Problem to work on:
In the entries below, repeat only the lines between those holding "Next you'll use" and "Com as mãos", inclusive. Leave pictures out.

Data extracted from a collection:
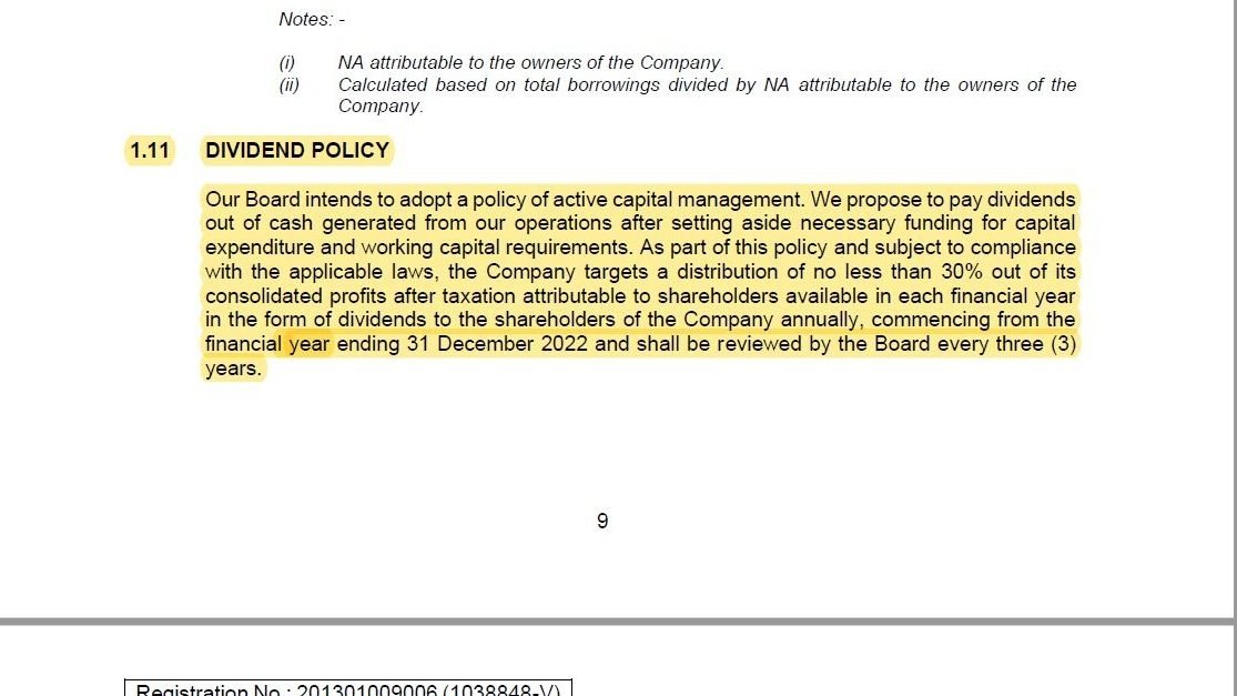 Syarikat juga ada membuat dividend policy di mana syarikat akan memberikan sekurang-kurangnya 30% daripada keuntungan syarikat kepada pemegang saham.
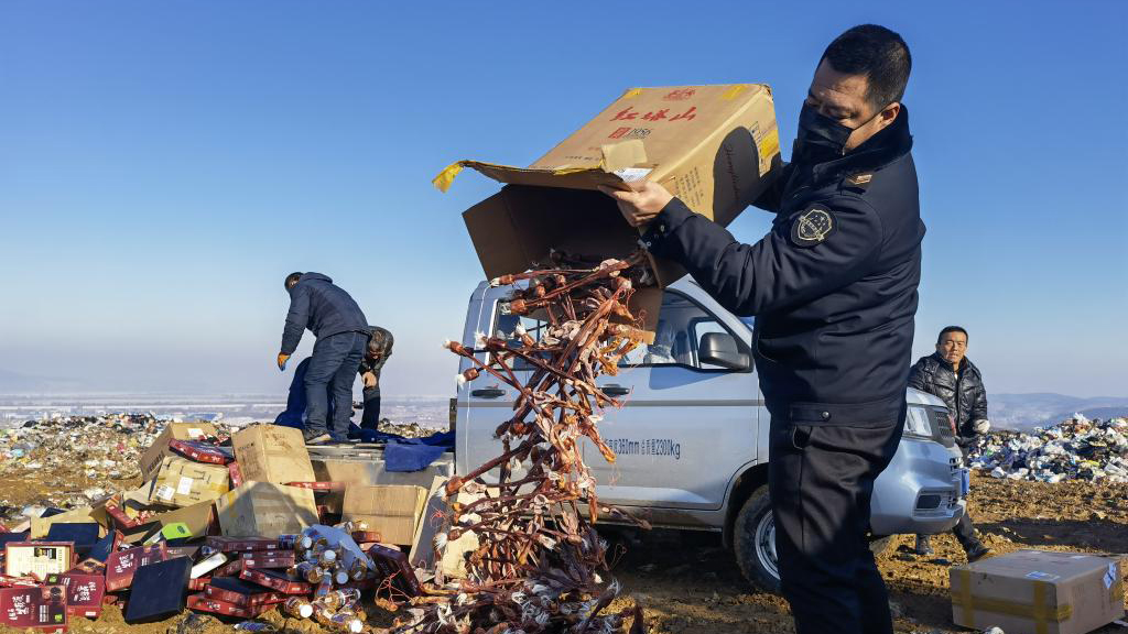 圖為執法人員正在銷毀假冒偽劣食品。(受訪者供圖)
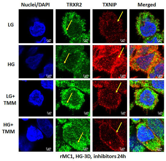 HG reduces mitochondrial thioredoxin reductase 2 (TRXR2) in rMC1. HG exposure of rMC1 for 3 days reduces TRXR2 level compared to LG, while that of TXNIP is increased (first two panels). On the other hand, treatment of rMC1 with triple drug combination TMM increases TRXR2 and decreases TXNIP level under both HG and LG, suggesting a beneficial effect of these drugs on HG-induced redox stress. A representative of n = 3 is shown from fixed-cell confocal imaging at 630× magnification in a Zeiss confocal microscope.
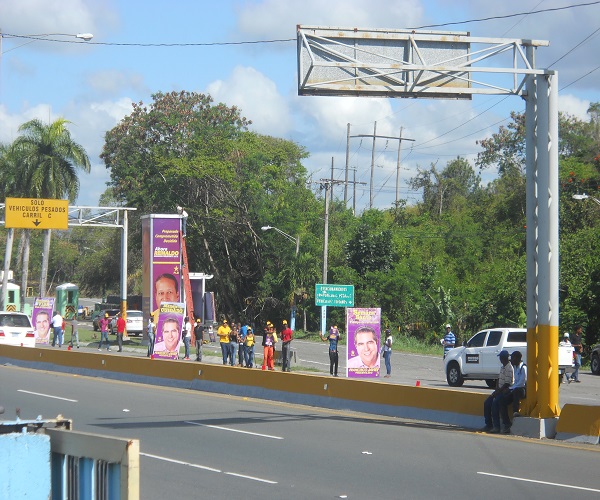 Equipos de propaganda de los aspirantes presidenciales del Partido de la Liberación Dominicana (PLD), el presidente del Senado, Reinaldo Pared Pérez y el ministro de Turismo, Francisco Javier García, se apostaron desde ayer cerca del Peaje de la autopista Duarte para promover las aspiraciones de sus respectivos precandidatos.
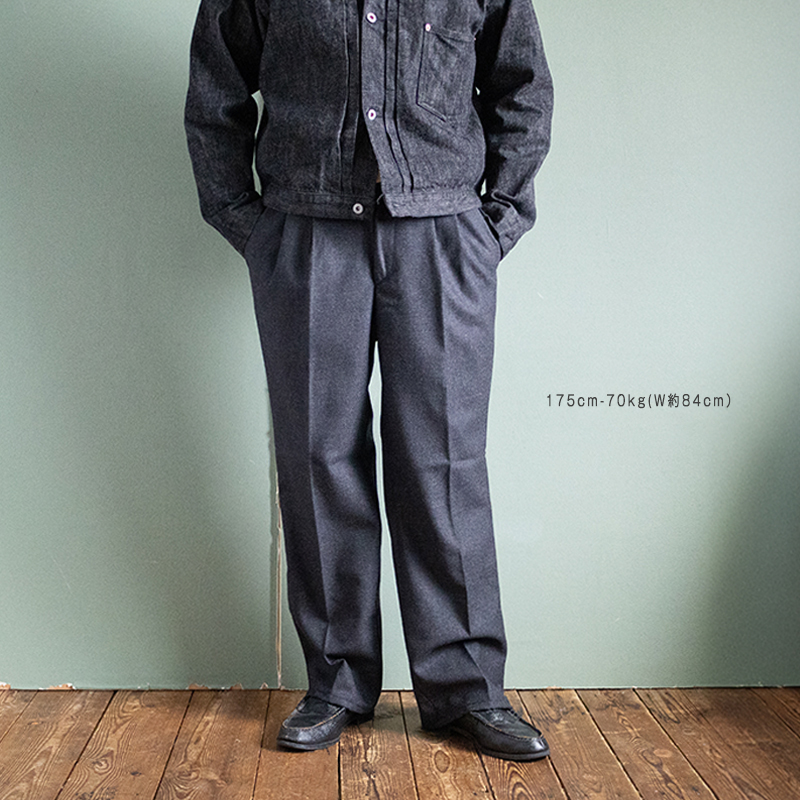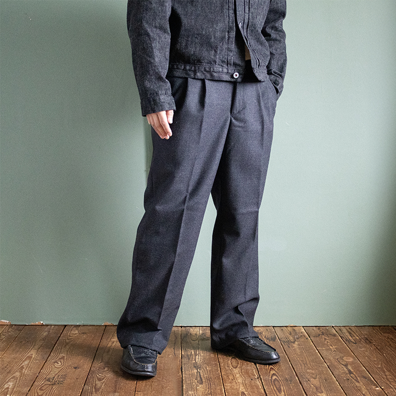 シルエットは中太、ワンタック入りの程よい太さで穿きやすくなっています。
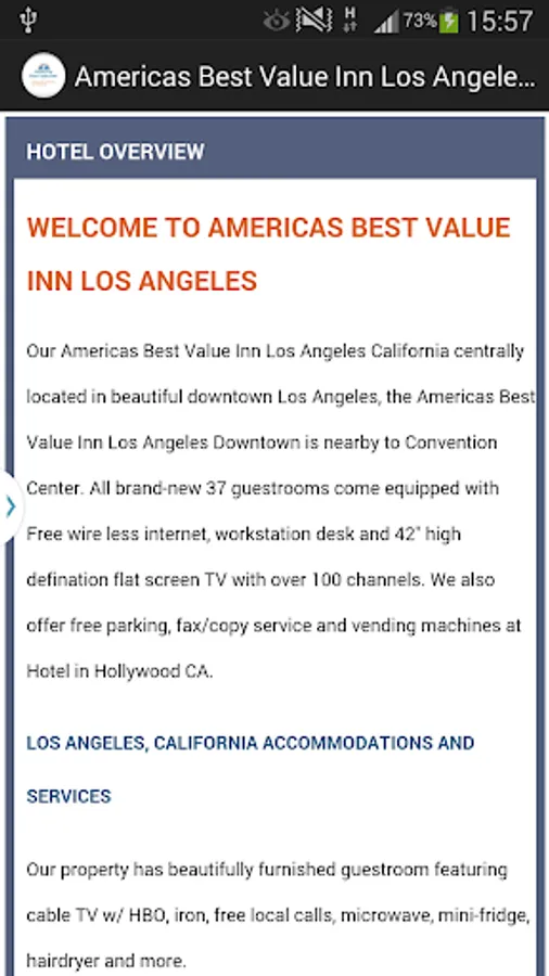 Book Americas Best Value Inn Los Angeles CA quicker and easier than ever before. With the hotel’s app powered by BingoTravel Apps, connecting with this property directly and simply has never been more convenient. Do everything you need on your smart phone! This single property app lets you take a look at hotel features and amenities and glimpse useful photos -- anytime you want. And of course, you can book directly with this powerful application. Even better, do things around the clock without waiting on hold or dealing with a call center. To connect with this hotel now, download this app.
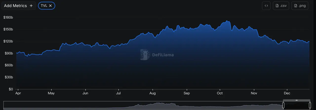得益于市场稳定后投资者逐步回归,12月稳定币供应势趋于稳定,30天增长约1.72%,结束11月的下降势头,链上TVL逐步稳定并小幅回升,BTC和ETH ETF净流出放缓,并录得持续小幅流入,表明ETF资金流向由撤离转为再配置。
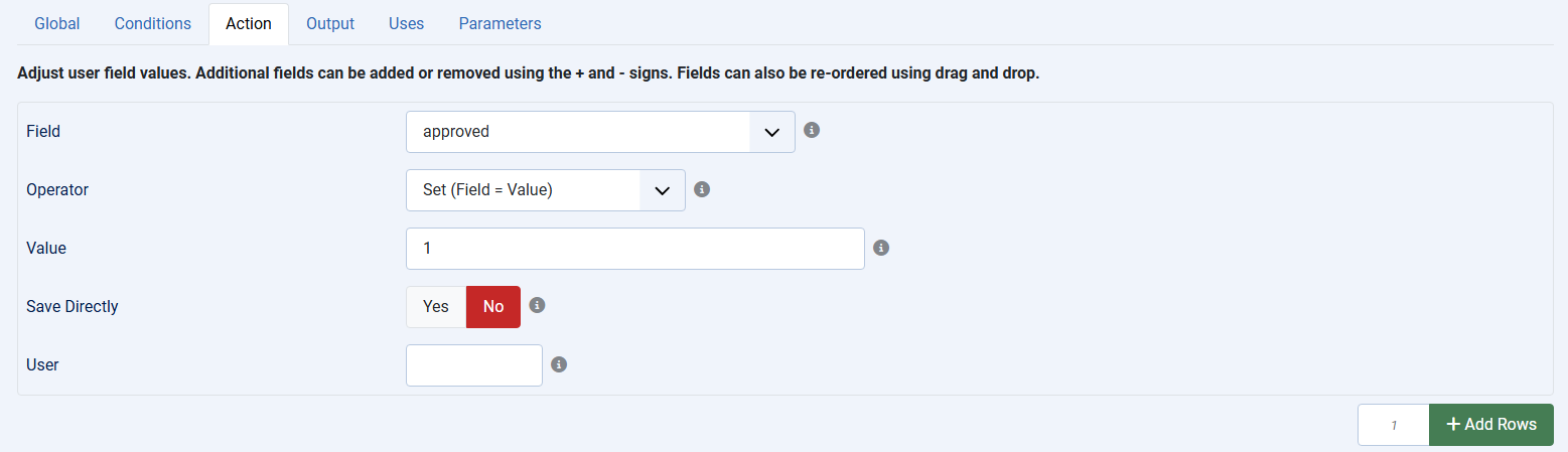 Next you'll use a Field action with the following configuration.
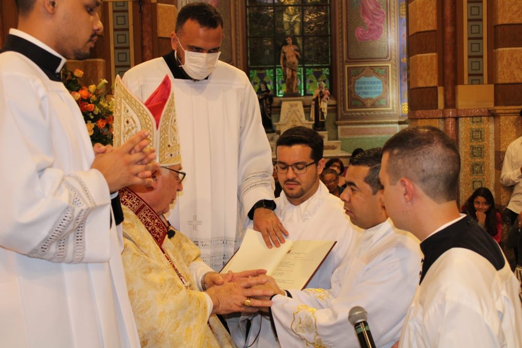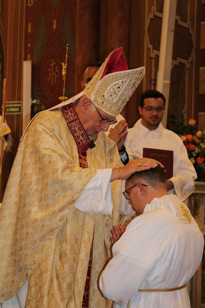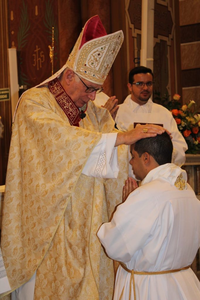Com as mãos unidas às do presidente da Celebração, eles fazem o juramento de obediência ao Pastor da Igreja Particular. Momento substancial é quando recebem a imposição das mãos do Bispo que intercede por eles, pedindo o Espírito Santo com os dons necessários para exercer o ministério.
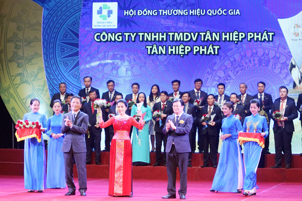 Phó Thủ tướng Trịnh Đình Dũng, Bộ trưởng Bộ Công Thương Trần Tuấn Anh trao biểu trưng cho Công ty TNHH TMDV Tân Hiệp Phát - một trong các doanh nghiệp có sản phẩm đạt Thương hiệu quốc gia 2018
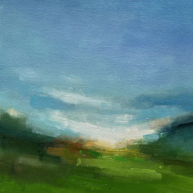 All these paintings are very affordable and will suit any interior space as they are supplied with a white mount ready to be framed by your local framer in a moulding of your choice. They are all painted in a semi abstract style in acrylic on canvas or paper. They are evocative landscapes with a few seascapes too, painted with a variation of colour and tone and a fluidity of movement to create the light and atmosphere.
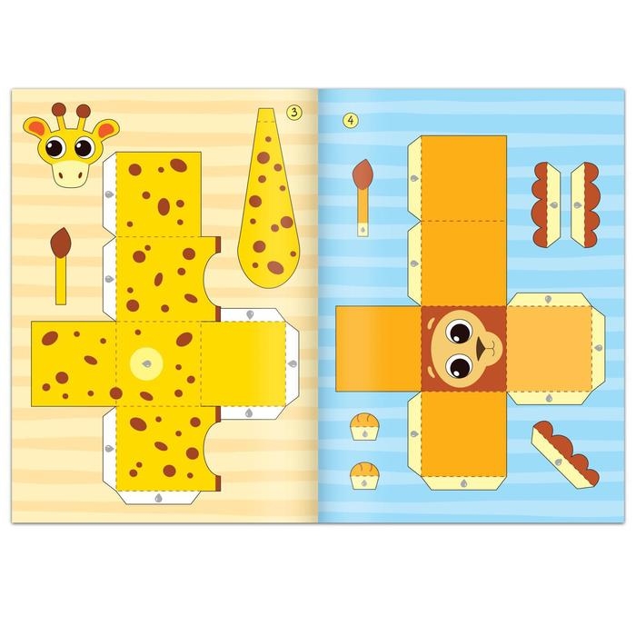 Книжка- вырезалка «Бумажные зверята. Кубики», 20 стр., формат А4, 8 поделок

Solution to this exercise:
 Next you'll use a Field action with the following configuration.
Com as mãos unidas às do presidente da Celebração, eles fazem o juramento de obediência ao Pastor da Igreja Particular. Momento substancial é quando recebem a imposição das mãos do Bispo que intercede por eles, pedindo o Espírito Santo com os dons necessários para exercer o ministério.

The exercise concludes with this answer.